**WORK INSTRUCTIONS**
Copy the listing below exactly, but skip the pictures.

===== DATA EXCERPT =====

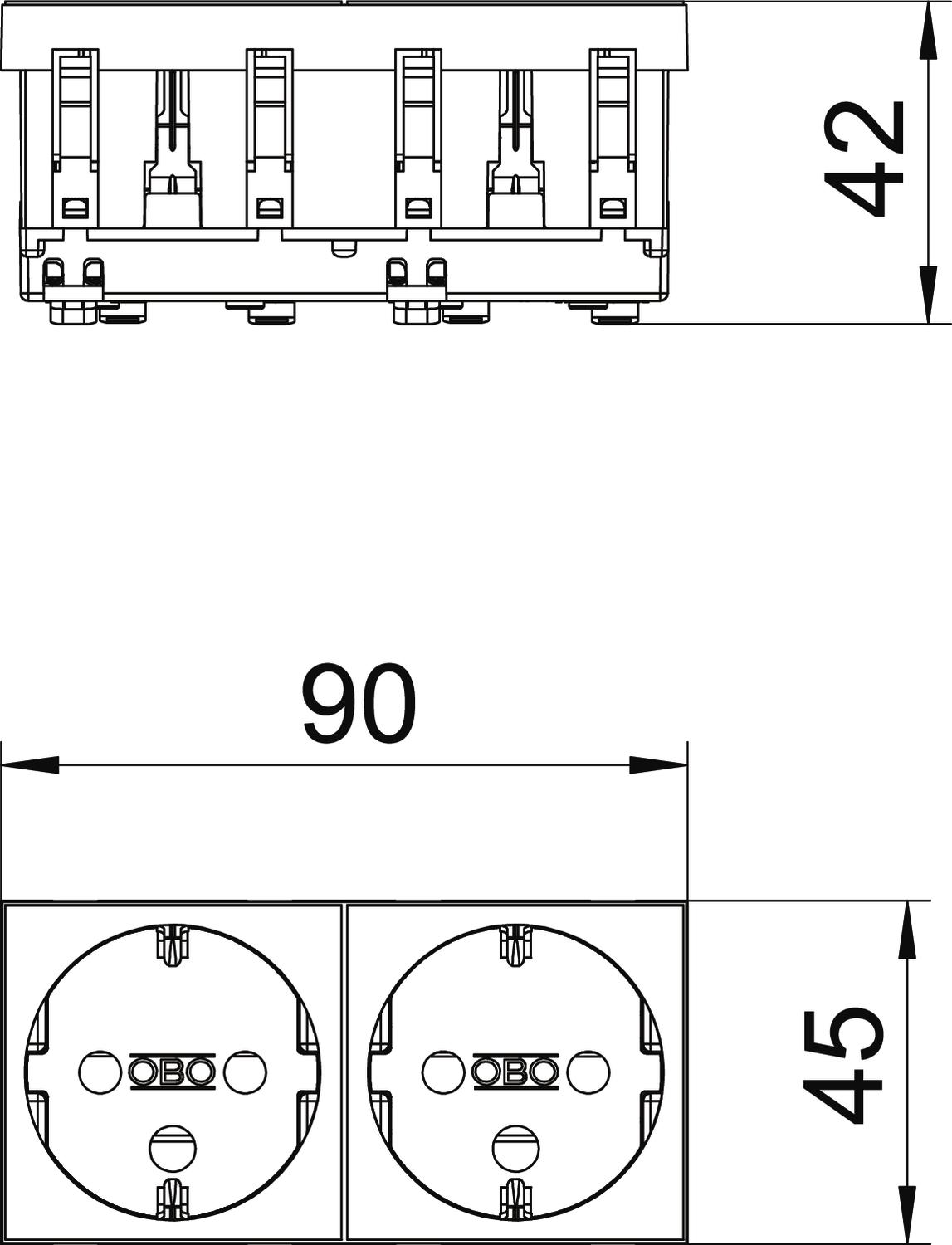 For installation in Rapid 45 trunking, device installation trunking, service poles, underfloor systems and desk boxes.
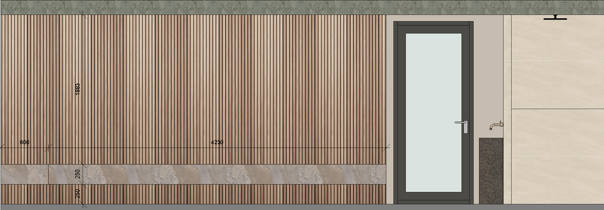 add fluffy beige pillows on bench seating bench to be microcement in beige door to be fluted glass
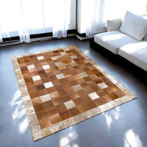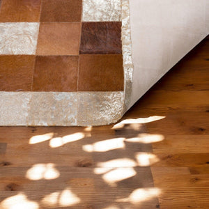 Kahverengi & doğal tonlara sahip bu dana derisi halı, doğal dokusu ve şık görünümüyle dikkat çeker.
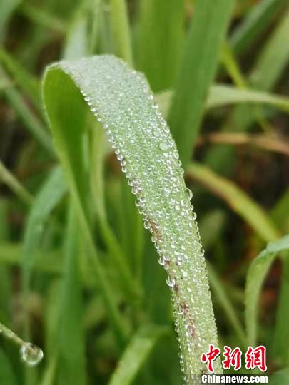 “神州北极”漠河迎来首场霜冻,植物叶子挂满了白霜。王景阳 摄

=====

**RESULT FOR THIS EXERCISE**
 For installation in Rapid 45 trunking, device installation trunking, service poles, underfloor systems and desk boxes.
 add fluffy beige pillows on bench seating bench to be microcement in beige door to be fluted glass
 Kahverengi & doğal tonlara sahip bu dana derisi halı, doğal dokusu ve şık görünümüyle dikkat çeker.
 “神州北极”漠河迎来首场霜冻,植物叶子挂满了白霜。王景阳 摄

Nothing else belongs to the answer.